Money Management for the Self-Employed
In my time I’ve helped with a large back-tax project for five entities, none of which I owned. I was also a bookkeeper for the company for almost a year and did Payroll, Benefits, Accounts Payable, Accounts Receivable, and for years was responsible for reconciling the overly complicated commissions on wireless lines that could make royalty statements cry.
The first time I found myself self-employed I went whole hog into it. I got an S-Corp, I subscribed to Quickbooks Online. I did payroll for myself. I even screwed my taxes up really good (but that’s a story for later). And was in a bit over my head.
This time I‘m a little less intense, and making way fewer mistakes.
Banking
Especially if you have a dayjob or you have a spouse with the dayjob who shares a bank account, the best thing you can possibly do is get your own bank account. One at the same bank is fine, but make it a checking account in your name (ideally with a debit card.)
The hardest thing for most people is finding all the ways their money goes in and out and reporting it to their accountant (or tax program if they’re brave.) If you have one account that every bit of writing related income goes into and only use the attached card for expenses you have by far the easiest way to manage your cashflow for the end of the year.
I know spreadsheets are a thing and even I use Quickbooks Self-Employed (more on that later) but trust me on this one. A separate account for each of your identities is the cheapest way to manage your income and expenses against that specific income.

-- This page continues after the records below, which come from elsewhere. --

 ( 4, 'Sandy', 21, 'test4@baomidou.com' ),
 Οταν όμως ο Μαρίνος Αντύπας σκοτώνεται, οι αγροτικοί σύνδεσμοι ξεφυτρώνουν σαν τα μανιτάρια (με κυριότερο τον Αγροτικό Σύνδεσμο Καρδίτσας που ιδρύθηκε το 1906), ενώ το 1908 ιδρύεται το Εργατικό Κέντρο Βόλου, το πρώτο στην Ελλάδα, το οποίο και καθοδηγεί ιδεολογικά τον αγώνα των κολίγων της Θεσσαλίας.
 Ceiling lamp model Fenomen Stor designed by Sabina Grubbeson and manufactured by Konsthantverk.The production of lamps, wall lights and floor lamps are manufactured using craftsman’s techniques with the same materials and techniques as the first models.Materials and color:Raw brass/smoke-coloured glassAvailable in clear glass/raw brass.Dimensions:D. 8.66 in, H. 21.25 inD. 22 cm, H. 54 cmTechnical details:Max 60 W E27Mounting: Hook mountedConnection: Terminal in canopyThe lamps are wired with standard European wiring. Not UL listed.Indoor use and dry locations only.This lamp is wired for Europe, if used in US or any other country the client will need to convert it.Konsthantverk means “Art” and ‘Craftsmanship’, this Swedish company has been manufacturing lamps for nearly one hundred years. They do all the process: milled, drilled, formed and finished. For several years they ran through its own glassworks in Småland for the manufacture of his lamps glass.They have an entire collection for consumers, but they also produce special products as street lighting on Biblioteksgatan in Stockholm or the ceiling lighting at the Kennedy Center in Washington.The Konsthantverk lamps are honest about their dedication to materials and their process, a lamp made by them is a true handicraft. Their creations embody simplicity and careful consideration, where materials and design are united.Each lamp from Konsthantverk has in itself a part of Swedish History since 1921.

If you tie the accounts together you can “pay” yourself by transferring money between the accounts at any time. That keeps the accounts clean and reduces all kinds of frustration at tax time.
Recording
Now, as I’ve mentioned, I’m a HUGE fan of Quickbooks Self-Employed. The reason is that one time I forgot to pay my quarterly taxes and things went a little wonky. I’m now happy to pay for the service that helps me make sure I have all that under control. (Or not pay because I also do TurboTax Self-Employed and get it all for free.)

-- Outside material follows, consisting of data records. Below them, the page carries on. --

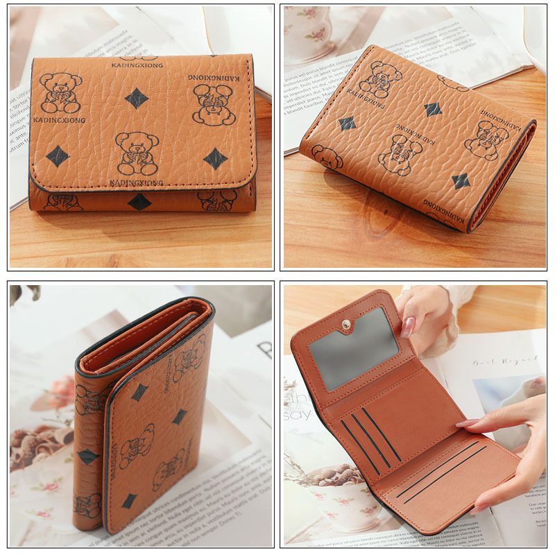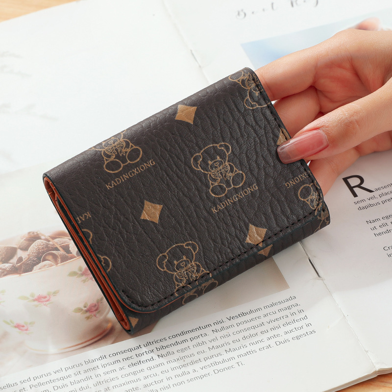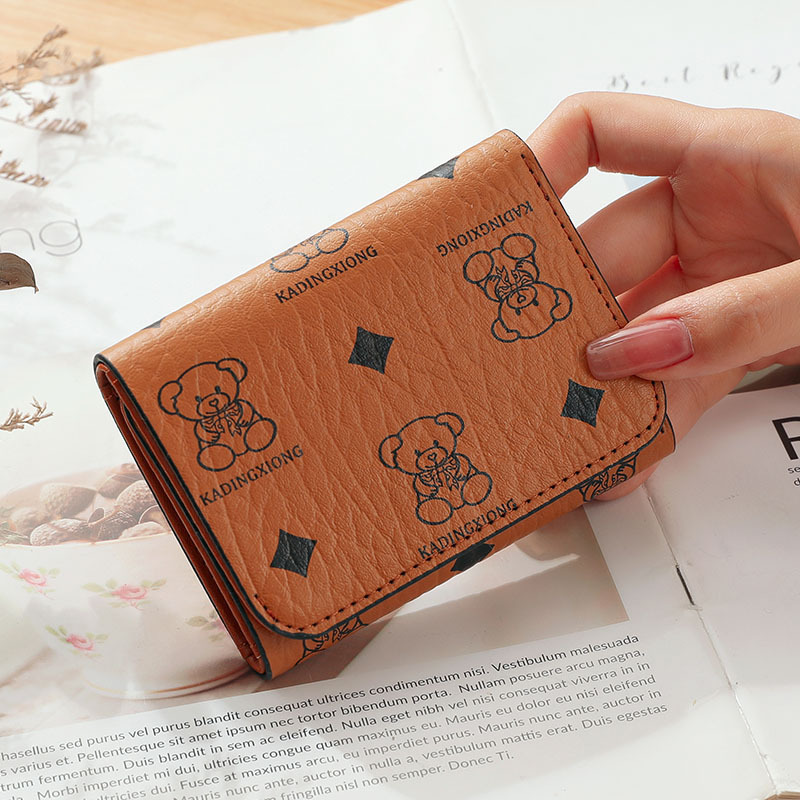 新款潮流卡通印花小熊小三折迷你薄款短款钱包钱夹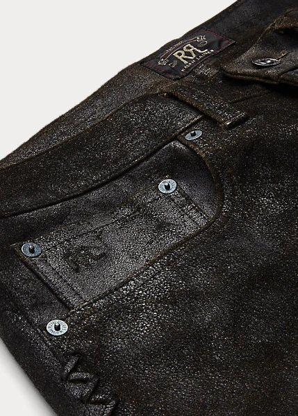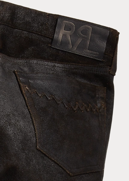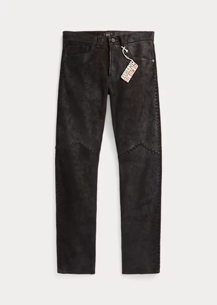 Pantalon slim en daim brut. Coupe cinq poches. Lacet en cuir sur les coutures. Doublure partielle. Braguette zippée.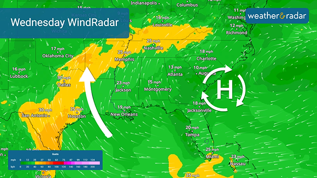 The impetus for this week's stormy weather is high pressure building over the Southeast. As the WindRadar shows, strong southeasterly winds will bring a humid airmass from the Gulf northward into the southern Plains and the lower Mississippi Valley.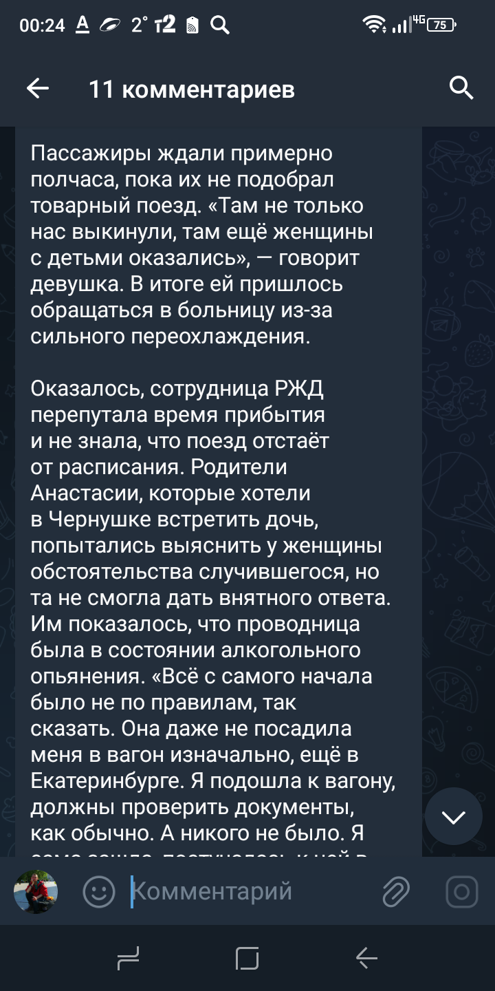 Ранее пассажиры рассказали пабликам, что их высадил проводник раньше времени на ошибочной станции, им пришлось идти через лес.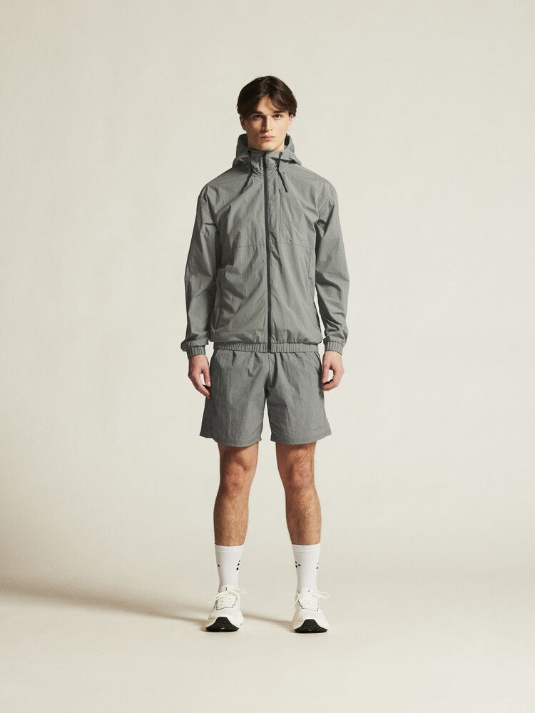 This contemporary windbreaker is made of a thin and lightweight woven fabric and features a functional mesh lining that provides excellent moisture transport for optimal comfort. Ergonomic design allows for a full range of motion, making it suitable for both exercise and everyday activities. In addition, the windbreaker features a hood with adjustable cord and two concealed zip pockets for secure storage of keys and other essentials.
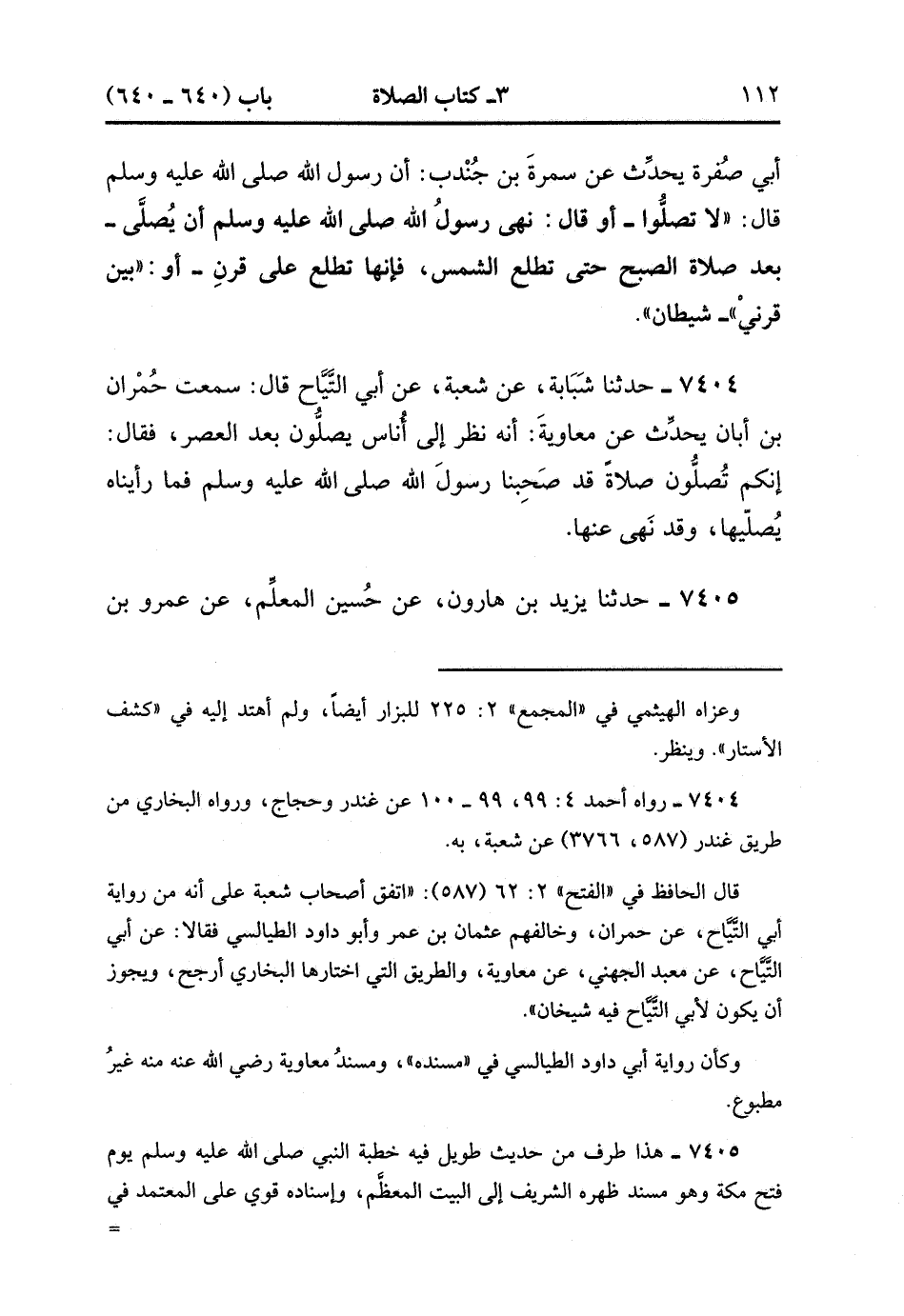 7405- حَدَّثَنَا يَزِيدُ بْنُ هَارُونَ ، عَنْ حُسَيْنٍ الْمُعَلِّمِ ، عَنْ عَمْرِو بْنِ شُعَيْبٍ ، عَنْ أَبِيهِ ، عَنْ جَدِّهِ ، أَنَّ النَّبِيَّ صَلَّى الله عَلَيْهِ وَسَلَّمَ نَهَى عَنْ صَلاَةٍ بَعْدَ الْعَصْرِ حَتَّى تَغْرُبَ الشَّمْسُ ، وَعَنْ صَلاَةٍ بَعْدَ الصُّبْحِ حَتَّى تَطْلُعَ الشَّمْسُ. (2/349).

As I mentioned above I’ve been involved in some pretty complicated tax stuff, so I’m more confident than most people about doing my own taxes at this level, but that wouldn’t stop me from using it even if I had an accountant. In fact, ESPECIALLY if I had an accountant.
Quickbooks is tied to my special author only bank account, it downloads my transactions as they happen. I can attach my receipts when I accrue them so they don’t wander off. It rough calculates my quarterlies based on my household income reducing the amount I owe at tax time (in years where employers and the IRS bother to calculate withholding properly.)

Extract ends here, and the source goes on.